O baterista Josh Dun, integrante do duo Twenty One Pilots, manifestou uma postura firme contra a integração de tecnologias de inteligência artificial no processo criativo musical. Em entrevista recente, o músico destacou que a banda, que encerrou a última noite do Rock in Rio 2026, opta por manter a produção de seus álbuns estritamente humana, evitando ferramentas de automação que, segundo ele, representam um caminho perigoso para a indústria.
A resistência do Twenty One Pilots à inteligência artificial
Para Dun, o uso de supercomputadores e sistemas de aprendizado de máquina traz um desconforto imediato. O artista argumenta que não enxerga benefícios reais na aplicação dessas tecnologias, sugerindo que existe uma intenção oculta por trás das grandes corporações de tecnologia que controlam a infraestrutura e a retenção de dados necessários para o funcionamento desses modelos.
O músico reforçou que a essência do trabalho da banda, formada por ele e pelo vocalista Tyler Joseph, reside na conexão humana. Desde a ascensão ao sucesso com o álbum Blurryface, em 2015, até o lançamento mais recente, Breach (2025), o duo tem priorizado a experimentação orgânica, misturando elementos de rock, pop e hip hop sem recorrer a atalhos algorítmicos.
O valor da imperfeição e das decisões humanas
Josh Dun defende que a qualidade de uma obra musical está intrinsecamente ligada às chamadas “micro decisões” tomadas pelos artistas durante a gravação. O baterista exemplifica que a busca pelo timbre ideal de uma guitarra ou a escolha de gravar baterias em salas diferentes são processos que conferem alma à música, algo que ele acredita ser impossível de replicar artificialmente.

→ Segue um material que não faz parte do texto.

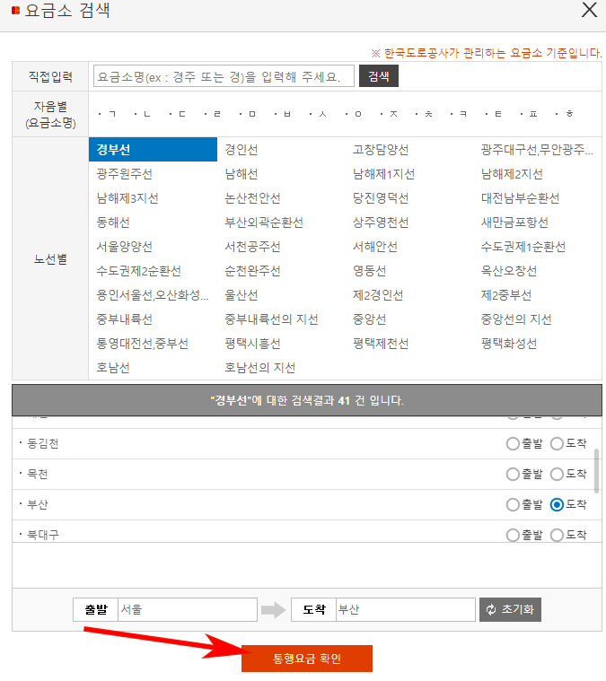 4. 아래와 같이 요금소 검색을 클릭하면 노설별로 요금소를 볼 수 있습니다. 저는 출발 서울 도착 부산으로 선택 후 하단의 통행요금 확인을 클릭했습니다.

“Eu gravei as baterias para nossos últimos dois discos aqui, e eu sinto que tenho todas as ferramentas que preciso para fazer isso”, afirmou Dun. Para o artista, a imperfeição característica das performances ao vivo e a busca intencional por batidas mais “sujas” e complexas são elementos fundamentais que definem a identidade sonora do Twenty One Pilots.
Cenário da indústria e o futuro da tecnologia
A posição de Dun surge em um momento de intenso debate jurídico e ético no setor fonográfico. Em 2024, a plataforma Suno enfrentou processos de grandes gravadoras por violação de direitos autorais, culminando em acordos recentes com empresas como o Warner Music Group para o uso de gravações licenciadas no treinamento de novos modelos de IA.
Embora reconheça que a tecnologia possa ter utilidades funcionais, o baterista mantém sua convicção de que a arte deve permanecer um domínio humano. A banda reafirma que, apesar das inovações constantes no mercado, não pretende adotar nenhum desses recursos em suas composições futuras, mantendo o foco na autenticidade de sua trajetória artística.